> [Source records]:
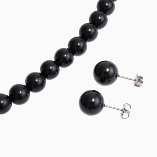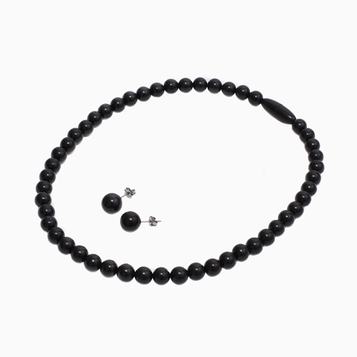 天然ジェット 8mm 10mm 42cm ピアス&ネックレス セット 1459-FJ10
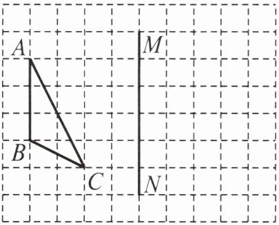 7. 如图,在方格纸中,已知△ABC和直线MN,点A,B,C都在格点上。
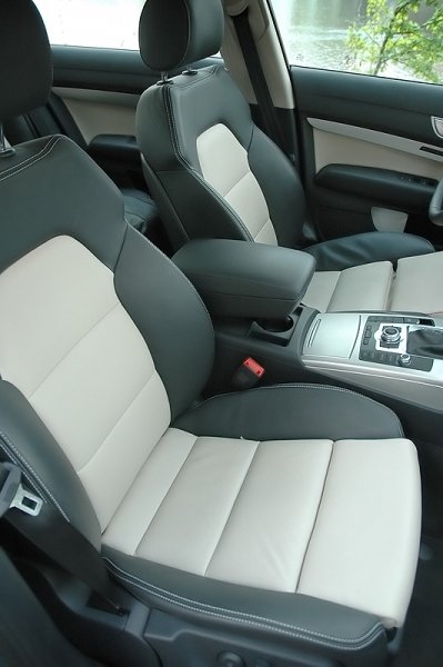 Nemyslíme si ale, že by se majitel Audi A6 choval takto nevybíravě. Mnohem více pravděpodobnější je luxusní plavba silnicí doplněná jistotou bleskového předjíždění, při kterém můžete využít sebemenší skulinku. Tradičním průvodcem na cestách budou materiály nejvyšší kvality. Rozlehlá křesla potažená dvoubarevnou kůží více hýčkají, než že by držely v ostrých zatáčkách. Slícování dílů palubní desky je špičkové, a že by něco vrzalo? No dovolte!?
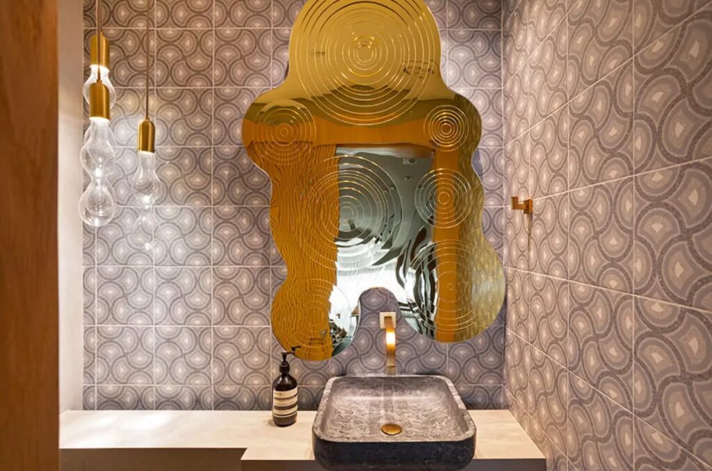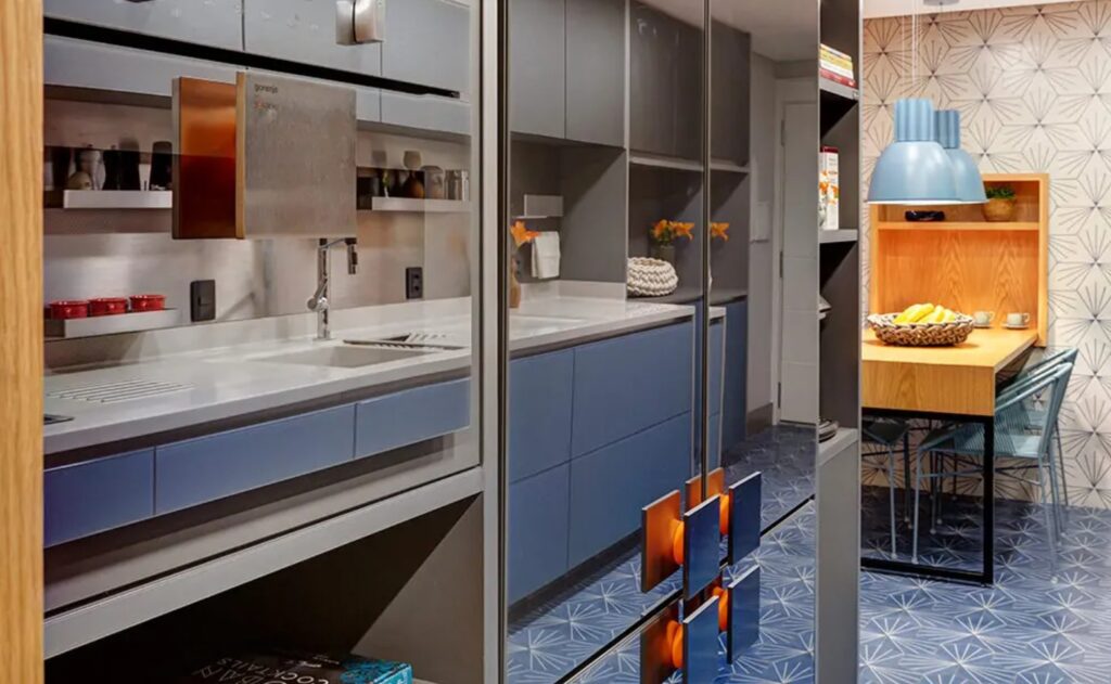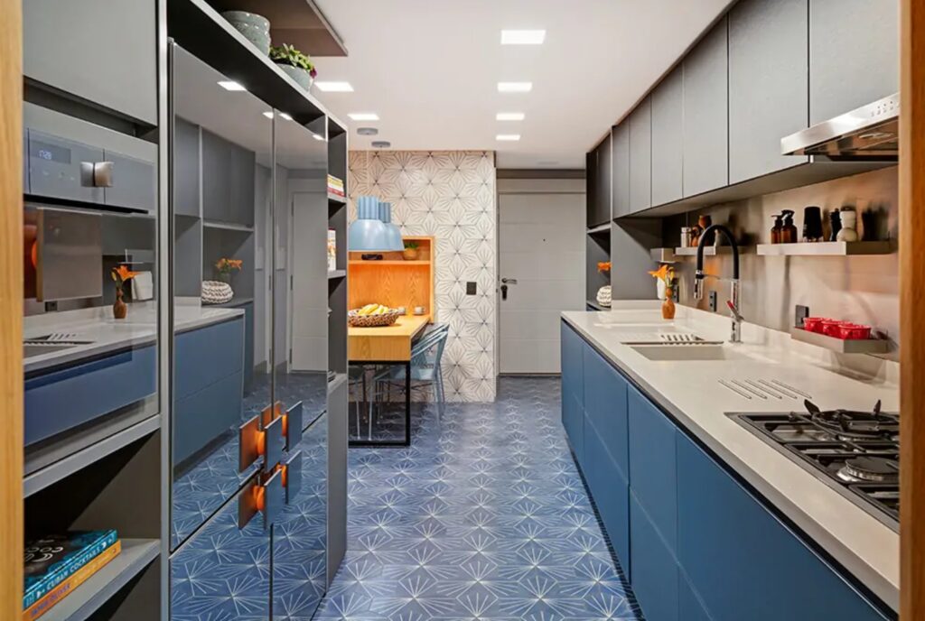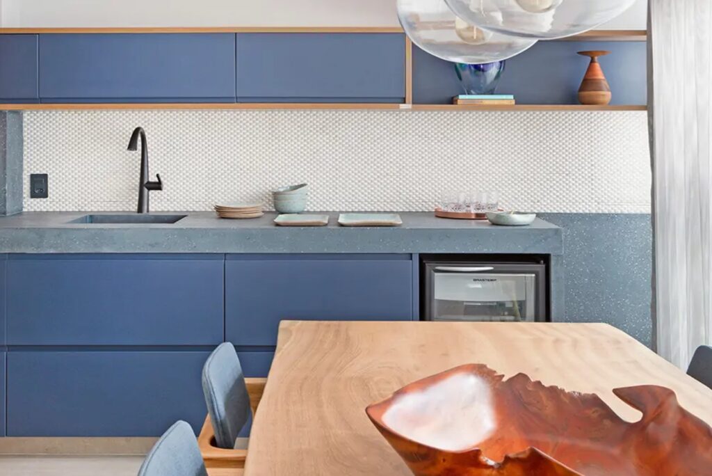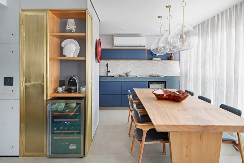 Zona gourmet se remarcă prin curajul alegerilor cromatice. Nuanțele de albastru și auriu se combină armonios cu lemnul și betonul folosite în mobilier și placările de perete. În restul încăperii apar accente de verde și caramel, care completează paleta de culori și aduc căldură spațiului.
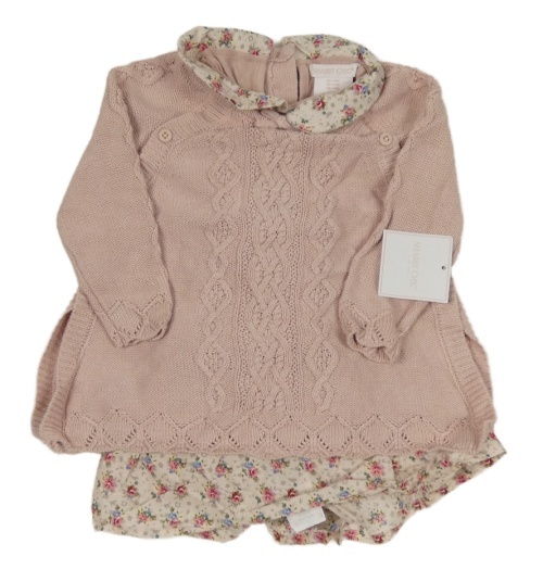 Pudrovo-světlepudrové pleteno/plátěné šaty se vzorem a kytičkami a límečkem SHABY CHIC
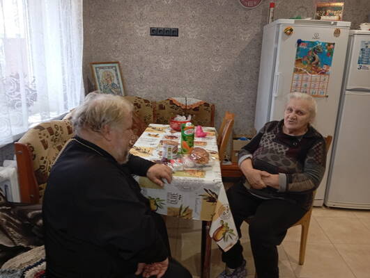 Священник поздравил пожилых граждан с праздником, рассказал его историю и оказал помощь продуктами питания.

> [What to work on]:
All of the data above needs to be retyped exactly, with the pictures removed.

> [Your response]:
 天然ジェット 8mm 10mm 42cm ピアス&ネックレス セット 1459-FJ10
 7. 如图,在方格纸中,已知△ABC和直线MN,点A,B,C都在格点上。
 Nemyslíme si ale, že by se majitel Audi A6 choval takto nevybíravě. Mnohem více pravděpodobnější je luxusní plavba silnicí doplněná jistotou bleskového předjíždění, při kterém můžete využít sebemenší skulinku. Tradičním průvodcem na cestách budou materiály nejvyšší kvality. Rozlehlá křesla potažená dvoubarevnou kůží více hýčkají, než že by držely v ostrých zatáčkách. Slícování dílů palubní desky je špičkové, a že by něco vrzalo? No dovolte!?
 Zona gourmet se remarcă prin curajul alegerilor cromatice. Nuanțele de albastru și auriu se combină armonios cu lemnul și betonul folosite în mobilier și placările de perete. În restul încăperii apar accente de verde și caramel, care completează paleta de culori și aduc căldură spațiului.
 Pudrovo-světlepudrové pleteno/plátěné šaty se vzorem a kytičkami a límečkem SHABY CHIC
 Священник поздравил пожилых граждан с праздником, рассказал его историю и оказал помощь продуктами питания.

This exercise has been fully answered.